People the government deems mature enough to vote, marry freely, choose careers, drive cars, and enter into contracts, will no longer be allowed to drink with friends or at a meal or even at their own weddings if this Bill is adopted.
Individuals currently between 18 and 21 who consume alcohol will be criminalised. But, as is the case almost universally, this new law will be ignored, becoming a needless leech on the taxpaying wallet of South Africa.
South Africa’s recent swing back to authoritarianism, with expropriation without compensation, threats of disarming law-abiding citizens, and raids on investigative journalists who expose corruption, should not be supplemented by also confirming the position of the South African citizen as a perpetual minor.
As government oppresses us, it should at least treat us like adults.
Current under-18s drink illegally, and widely so. The difference between them and those who are over 18 is that they drink in secret, where their parents and other responsible adults are not present. By raising the drinking age even more, everyone under 21 will continue to drink – shocking – but will now do so in uncontrolled environments, exposing them to the same danger that underage drinkers currently are exposed to.
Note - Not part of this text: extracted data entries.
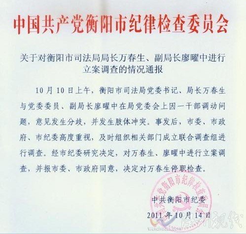 新聞回顧:湖南衡陽司法局局長萬春生與副局長廖曜中因人事安排在黨委會互毆
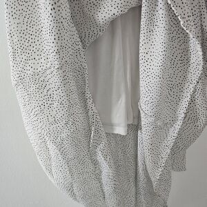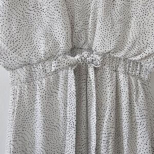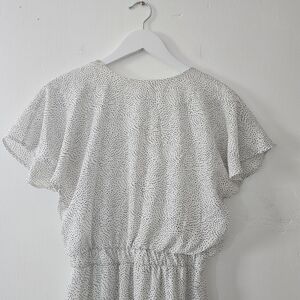Elegant white maxi dress with a flattering V-neck. Features a cinched waist, pockets, flutter sleeves, and flowing skirt. Fully lined. Perfect for any occasion.
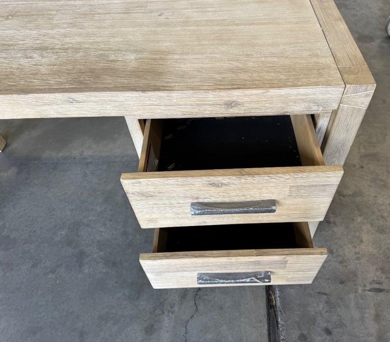 Wooden desk with drawers Dimensions: 150cm x 60cm x 76cm Note: marks and scratches visible
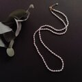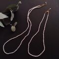 短すぎず長過ぎない、程よく縦のラインを作ってくれる56cm(2cmほどのアジャスター付き)に仕上げました。お手持ちの短いチェーンネックレスと重ねたりセーターやシャツの上からも着けられる程よい長さで、普段使いとしても使えるパールのネックレスです。
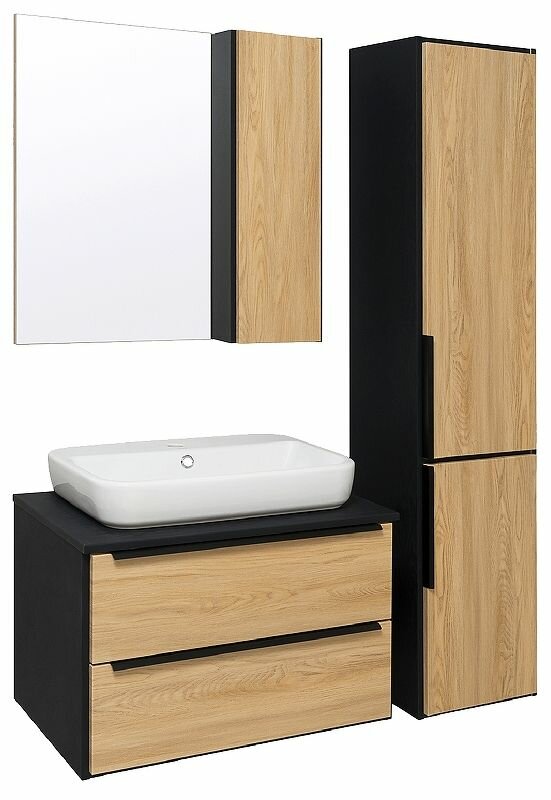 Тумба RUNO Мальта 70 дуб/черный, под умывальник Moduo Square 50/Гамма 56 00-00001097

Prohibitionists enjoy linking crime rates with heavy drinking, and, with South Africa’s violent crime problem especially among youths, it would apparently be prudent to raise the drinking age.
The average rate for heavy drinking among drinkers in the most peaceful countries on Earth is 25.76%, ranging from a high of 52.4% in Austria to a low of 5.6% in New Zealand. South Africa, in comparison, has a rate of 25.6%.
23 countries qualify as the “most peaceful” according to the 2015 Global Peace Index, yet violent, crime-prone South Africa has a heavy drinking rate that is below 10 of the most peaceful countries and comparable with another three of them. Heavy drinking doesn’t seem linked to how violent or peaceful a country is.
Raising the drinking age will also not reduce the incidences of drunk driving on our roads. The only solid deterrence from drunk driving, or committing crime in general, is the fear of getting caught.
If someone believes they won’t get caught, threatening them with fines or even the death penalty will not change their behaviour.
This is, indeed, why countries have progressively abandoned the death penalty. Regardless, the vast majority of drunk drivers are over the age of 21, meaning that if decreasing the death toll on our roads is an objective of the new policy, it will be misfire completely.
It would appear, as far as crime is concerned, that raising the drinking age is not intended to address the pressing problems South Africa faces, but to divert attention away from the lack of effective law enforcement.
If current liquor laws and regulations cannot be properly enforced, our problem is not with a lack of law, but with a lack of good law that isn’t difficult to enforce.
The United States is the only large country to have tried the experiment of reducing road fatalities by raising the minimum drinking age – just as they were the only large country to impose a total Prohibition on alcohol as well, in the 1920s.
Neither of these experiments turned out as they hoped. The prime justification used in America was this intervention would reduce driving fatalities; but the trend of road fatalities had been decreasing for decades already, and continued apace as it did before raising the drinking age.
As a lifelong teetotaller who has never touched alcohol, cigarettes, or drugs, I can comfortably say that I do not want my fellow South Africans to be forced to be like me.
We are supposed to be a free society where adults can make decisions for themselves without an ever-present parent-government accosting us. Fundamentally, we need to be responsible for ourselves and not outsource this role to government.